Stored data:

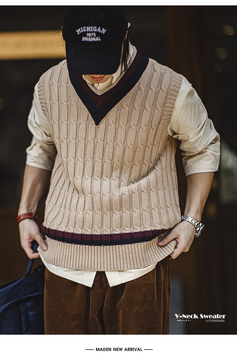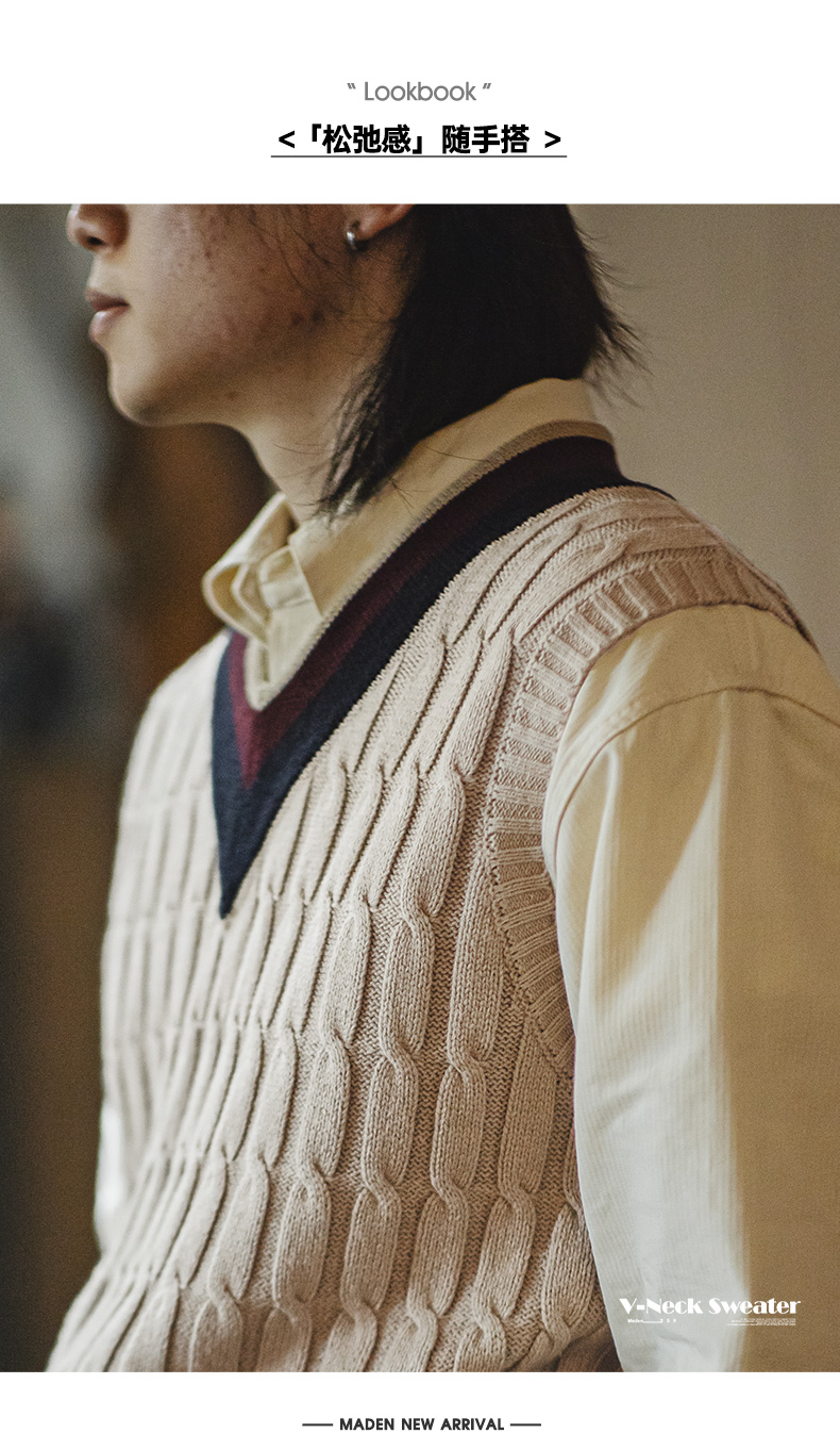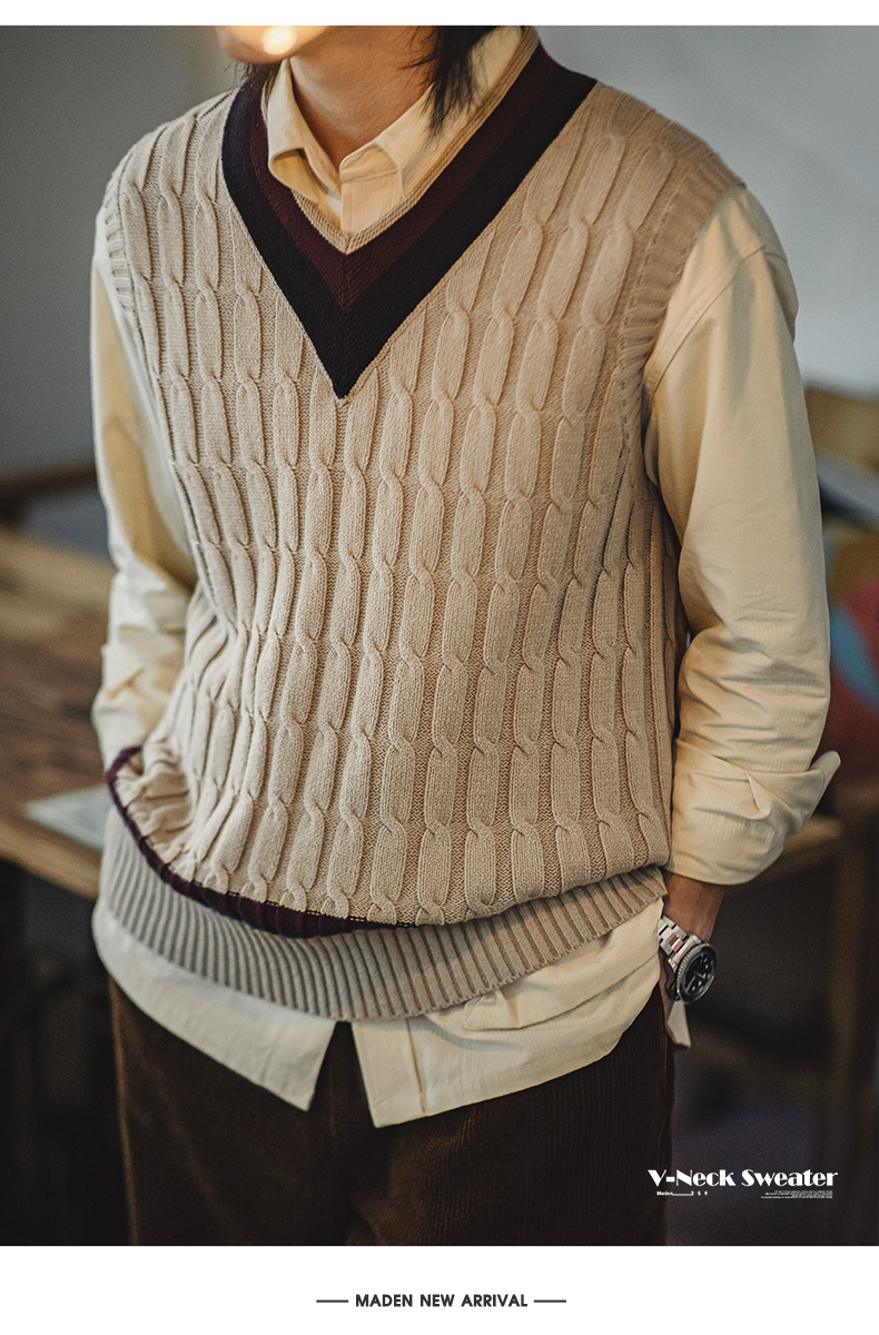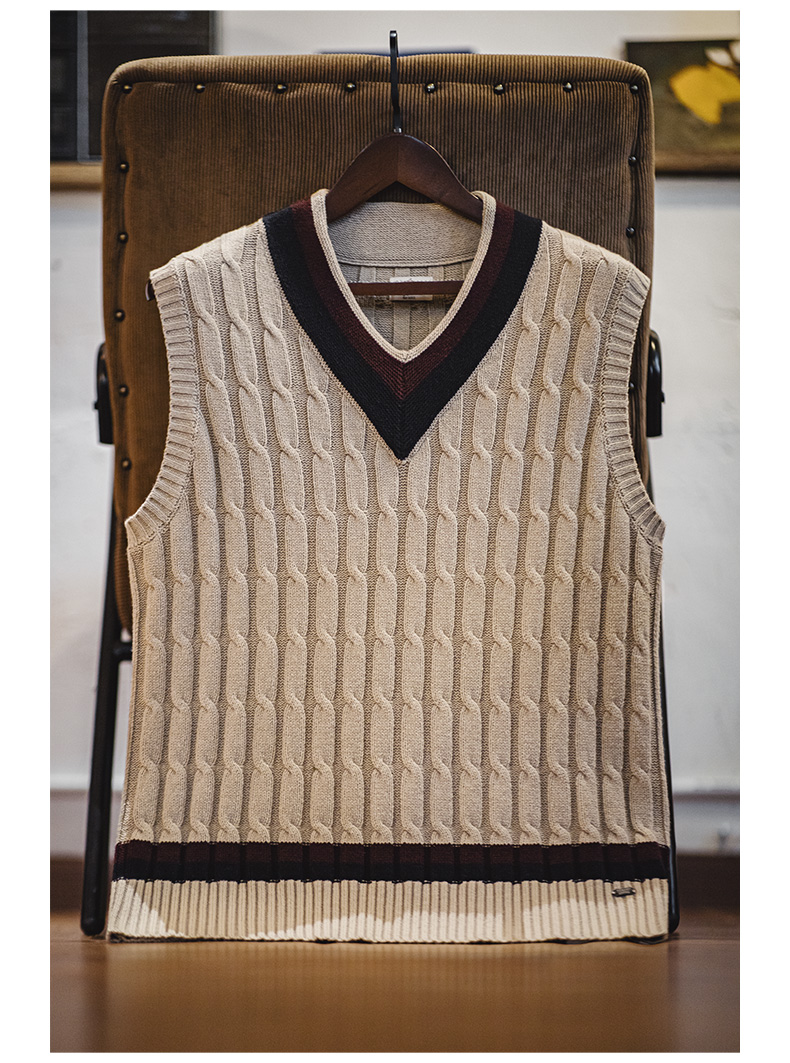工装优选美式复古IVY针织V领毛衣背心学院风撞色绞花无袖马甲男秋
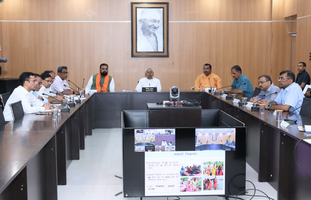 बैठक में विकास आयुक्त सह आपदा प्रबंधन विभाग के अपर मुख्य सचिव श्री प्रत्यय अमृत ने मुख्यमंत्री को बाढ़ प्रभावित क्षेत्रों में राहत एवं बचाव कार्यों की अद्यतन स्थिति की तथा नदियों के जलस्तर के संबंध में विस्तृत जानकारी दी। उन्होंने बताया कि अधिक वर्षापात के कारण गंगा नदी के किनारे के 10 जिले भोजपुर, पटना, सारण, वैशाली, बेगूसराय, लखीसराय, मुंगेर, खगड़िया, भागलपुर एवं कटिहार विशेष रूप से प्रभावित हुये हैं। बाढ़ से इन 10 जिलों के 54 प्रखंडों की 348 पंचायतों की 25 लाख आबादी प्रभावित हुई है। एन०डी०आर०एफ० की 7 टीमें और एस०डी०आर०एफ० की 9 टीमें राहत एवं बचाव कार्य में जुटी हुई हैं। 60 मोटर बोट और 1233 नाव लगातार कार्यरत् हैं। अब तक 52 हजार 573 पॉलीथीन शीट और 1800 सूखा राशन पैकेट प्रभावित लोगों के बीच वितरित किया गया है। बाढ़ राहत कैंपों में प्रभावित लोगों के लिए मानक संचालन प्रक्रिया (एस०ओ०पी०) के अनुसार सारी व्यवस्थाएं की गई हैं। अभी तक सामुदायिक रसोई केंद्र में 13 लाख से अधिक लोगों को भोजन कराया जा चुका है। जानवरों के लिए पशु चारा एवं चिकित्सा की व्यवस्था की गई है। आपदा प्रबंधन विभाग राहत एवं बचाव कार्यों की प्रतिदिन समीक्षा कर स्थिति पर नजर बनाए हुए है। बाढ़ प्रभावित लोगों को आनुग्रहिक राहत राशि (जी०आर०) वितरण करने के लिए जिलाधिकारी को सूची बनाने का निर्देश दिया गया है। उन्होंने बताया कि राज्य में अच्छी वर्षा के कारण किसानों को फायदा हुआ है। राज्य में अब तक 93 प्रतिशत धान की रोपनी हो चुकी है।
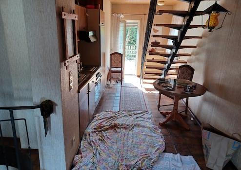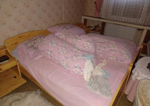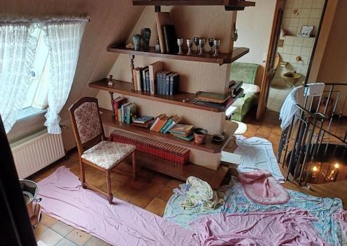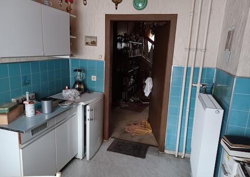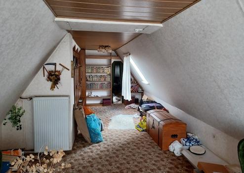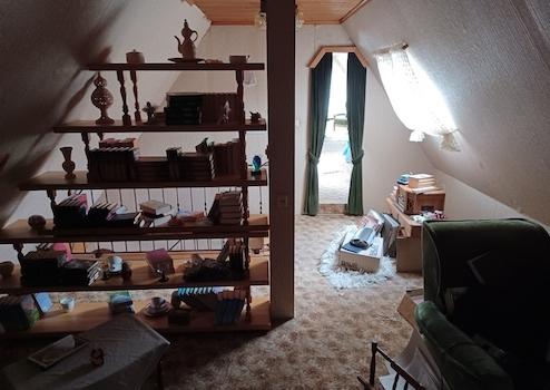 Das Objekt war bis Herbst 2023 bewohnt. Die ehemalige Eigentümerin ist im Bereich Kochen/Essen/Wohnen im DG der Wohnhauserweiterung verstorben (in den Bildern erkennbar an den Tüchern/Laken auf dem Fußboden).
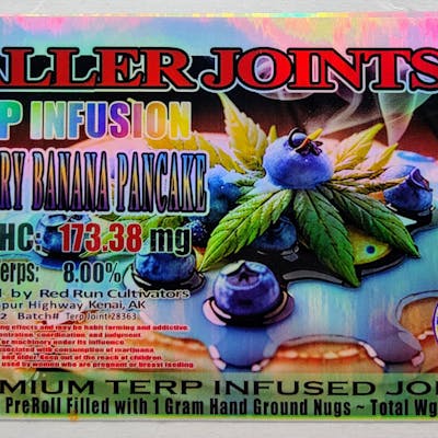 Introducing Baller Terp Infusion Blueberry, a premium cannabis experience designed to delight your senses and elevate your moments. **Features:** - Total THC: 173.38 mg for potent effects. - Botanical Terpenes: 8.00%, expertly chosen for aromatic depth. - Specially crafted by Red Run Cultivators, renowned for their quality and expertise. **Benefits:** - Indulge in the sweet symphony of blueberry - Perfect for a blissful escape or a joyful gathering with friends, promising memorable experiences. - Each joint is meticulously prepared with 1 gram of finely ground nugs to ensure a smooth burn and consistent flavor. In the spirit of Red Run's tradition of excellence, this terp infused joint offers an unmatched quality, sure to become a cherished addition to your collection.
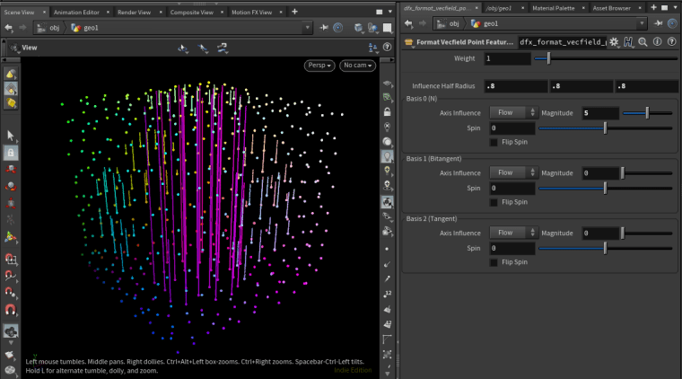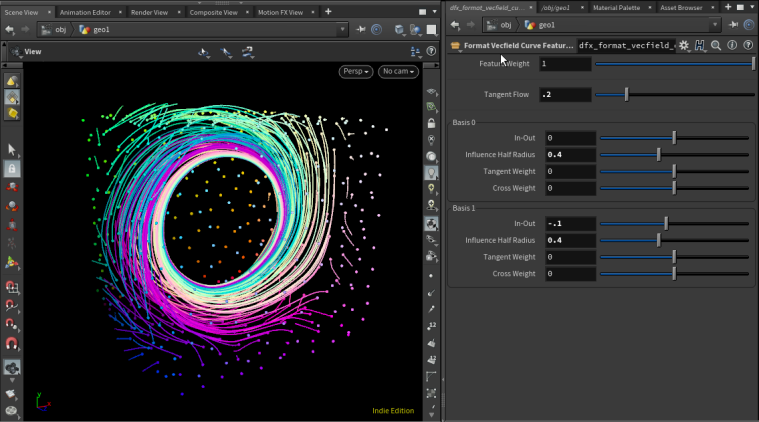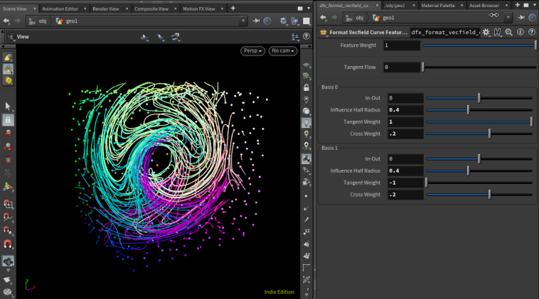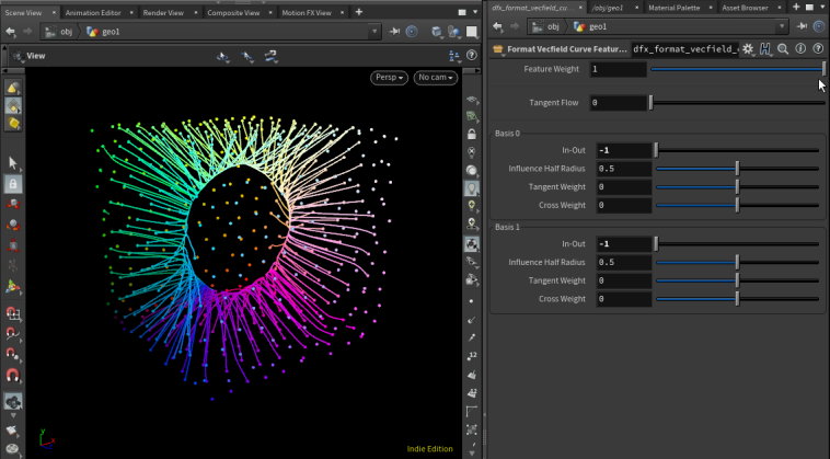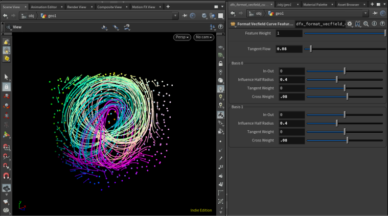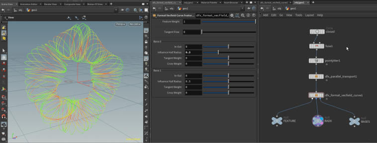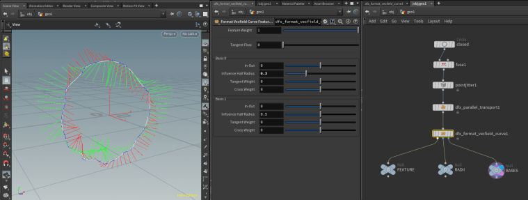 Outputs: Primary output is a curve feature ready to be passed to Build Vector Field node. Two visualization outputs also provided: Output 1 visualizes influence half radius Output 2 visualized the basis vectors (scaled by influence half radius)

■ **WHAT IS EXPECTED**
Leave the pictures aside and give every entry above again word for word.

■ **SOLUTION FOR THIS TASK**
工装优选美式复古IVY针织V领毛衣背心学院风撞色绞花无袖马甲男秋
 बैठक में विकास आयुक्त सह आपदा प्रबंधन विभाग के अपर मुख्य सचिव श्री प्रत्यय अमृत ने मुख्यमंत्री को बाढ़ प्रभावित क्षेत्रों में राहत एवं बचाव कार्यों की अद्यतन स्थिति की तथा नदियों के जलस्तर के संबंध में विस्तृत जानकारी दी। उन्होंने बताया कि अधिक वर्षापात के कारण गंगा नदी के किनारे के 10 जिले भोजपुर, पटना, सारण, वैशाली, बेगूसराय, लखीसराय, मुंगेर, खगड़िया, भागलपुर एवं कटिहार विशेष रूप से प्रभावित हुये हैं। बाढ़ से इन 10 जिलों के 54 प्रखंडों की 348 पंचायतों की 25 लाख आबादी प्रभावित हुई है। एन०डी०आर०एफ० की 7 टीमें और एस०डी०आर०एफ० की 9 टीमें राहत एवं बचाव कार्य में जुटी हुई हैं। 60 मोटर बोट और 1233 नाव लगातार कार्यरत् हैं। अब तक 52 हजार 573 पॉलीथीन शीट और 1800 सूखा राशन पैकेट प्रभावित लोगों के बीच वितरित किया गया है। बाढ़ राहत कैंपों में प्रभावित लोगों के लिए मानक संचालन प्रक्रिया (एस०ओ०पी०) के अनुसार सारी व्यवस्थाएं की गई हैं। अभी तक सामुदायिक रसोई केंद्र में 13 लाख से अधिक लोगों को भोजन कराया जा चुका है। जानवरों के लिए पशु चारा एवं चिकित्सा की व्यवस्था की गई है। आपदा प्रबंधन विभाग राहत एवं बचाव कार्यों की प्रतिदिन समीक्षा कर स्थिति पर नजर बनाए हुए है। बाढ़ प्रभावित लोगों को आनुग्रहिक राहत राशि (जी०आर०) वितरण करने के लिए जिलाधिकारी को सूची बनाने का निर्देश दिया गया है। उन्होंने बताया कि राज्य में अच्छी वर्षा के कारण किसानों को फायदा हुआ है। राज्य में अब तक 93 प्रतिशत धान की रोपनी हो चुकी है।
 Das Objekt war bis Herbst 2023 bewohnt. Die ehemalige Eigentümerin ist im Bereich Kochen/Essen/Wohnen im DG der Wohnhauserweiterung verstorben (in den Bildern erkennbar an den Tüchern/Laken auf dem Fußboden).
 Introducing Baller Terp Infusion Blueberry, a premium cannabis experience designed to delight your senses and elevate your moments. **Features:** - Total THC: 173.38 mg for potent effects. - Botanical Terpenes: 8.00%, expertly chosen for aromatic depth. - Specially crafted by Red Run Cultivators, renowned for their quality and expertise. **Benefits:** - Indulge in the sweet symphony of blueberry - Perfect for a blissful escape or a joyful gathering with friends, promising memorable experiences. - Each joint is meticulously prepared with 1 gram of finely ground nugs to ensure a smooth burn and consistent flavor. In the spirit of Red Run's tradition of excellence, this terp infused joint offers an unmatched quality, sure to become a cherished addition to your collection.
 Outputs: Primary output is a curve feature ready to be passed to Build Vector Field node. Two visualization outputs also provided: Output 1 visualizes influence half radius Output 2 visualized the basis vectors (scaled by influence half radius)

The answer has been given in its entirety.